人群一片哗然。
赵骁的喉结剧烈滚动了一下,刚想张嘴狡辩,人群后面突然举起一只手。
是那个护工阿梅。
她抖得像筛糠,但眼神里有一种豁出去的狠劲。
“我……我有证据。”
她哆哆嗦嗦地递出那个碎屏的手机,屏幕上是个抖动的视频。
画面右下角的时间戳:09:16:33。
视频里,赵骁正一脸阴沉地在阳台摆弄花架,动作熟练得像个道具师,完事后还恶狠狠地指着镜头外的阿梅做了一个“闭嘴”的手势。

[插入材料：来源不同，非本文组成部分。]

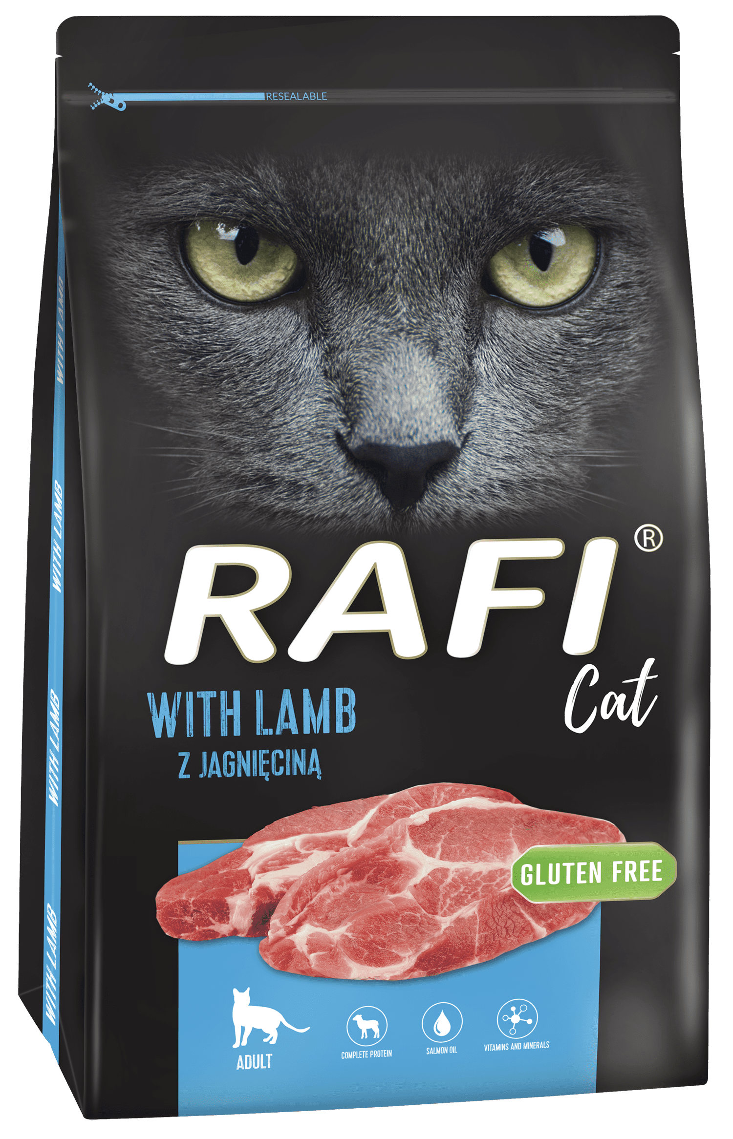 A perfectly balanced diet is essential for the well-being of your pet. Rafi Cat dry pet food with lamb covers the daily requirement for all nutrients. The correct selection of raw materials and top-quality lamb meat guarantee your pet a high content of easily digestible protein and fat. The addition of salmon oil provides n-3 and n-6 fatty acids, yeast is an excellent source of prebiotic ingredients, which helps to maintain a healthy digestive tract. Vitamins A, E, and D3 have a positive effect on immunity, the bone structure and teeth. In turn, the minerals contained in the product – zinc, manganese, iron, iodine and copper care of the condition of the skin and coat, are responsible for correct metabolism and block the negative impact of free radicals. The addition of taurine, which is essential in the cat’s diet, supports the work of the entire organism.

“他……他说这是为了让大小姐走得体面点,让我别多嘴……”阿梅带着哭腔喊了出来。
下午两点,支队会议室。
赵骁花大价钱请来的那个油头律师还在做垂死挣扎,拍着桌子吼:“生活痕迹?汗渍?这些都不具备直接司法鉴定效力!我要申请排除非法证据!”
我坐在角落里,连眼皮都懒得抬。
视网膜上的红影还在跳,我灌了一口冰美式,直接把平板投到了大屏上。
没有废话,只有一张名为“死亡倒计时”的三维时间链图。
“根据《公安机关电子数据取证规则》第18条,”我声音不大,但带着那一整夜熬出来的沙哑,“单一证据或许可以排除,但如果是五条呢?”
屏幕上,五条不同颜色的线,像五把尖刀,同时插向同一个时间点——上午九点。
1.药物代谢线:右佐匹克隆在凌晨2:48代谢清除,她醒了。
2.睡眠数据线:凌晨2:15出现REM睡眠中断,她根本没疯。
3.生理痕迹线:汗液沉积倒推,证明她在坠楼前三小时处于高代谢清醒状态。
4.物证关联线:赵骁袖口的药粉,对应早上8:52的非授权开药盒记录。
5.环境铁证线:阳台脚印的露水蒸发物理特性,锁定作案时间9:17。
“五条证据链逻辑闭环,交叉验证。”我站起身,双手撑在桌面上,盯着那个已经满头冷汗的律师,“这不是推测,这是数学。数学不会撒谎。”
会议室里死一般的寂静。
一直没说话的周法医,缓缓摘下眼镜,哈了一口气擦了擦。
然后,他在随身携带的那本手册上,翻到了“活体生理痕迹时间回溯”这一条。
笔尖落下,打了一个重重的勾。
“符合逻辑,予以采信。”他淡淡地说道。
窗外,那盏忽明忽暗的应急灯突然亮了一下,昏黄的光晕像一把斜切下来的铡刀,正好落在赵骁律师僵硬的手背上。
看起来,就像是一道提前送达的判决书。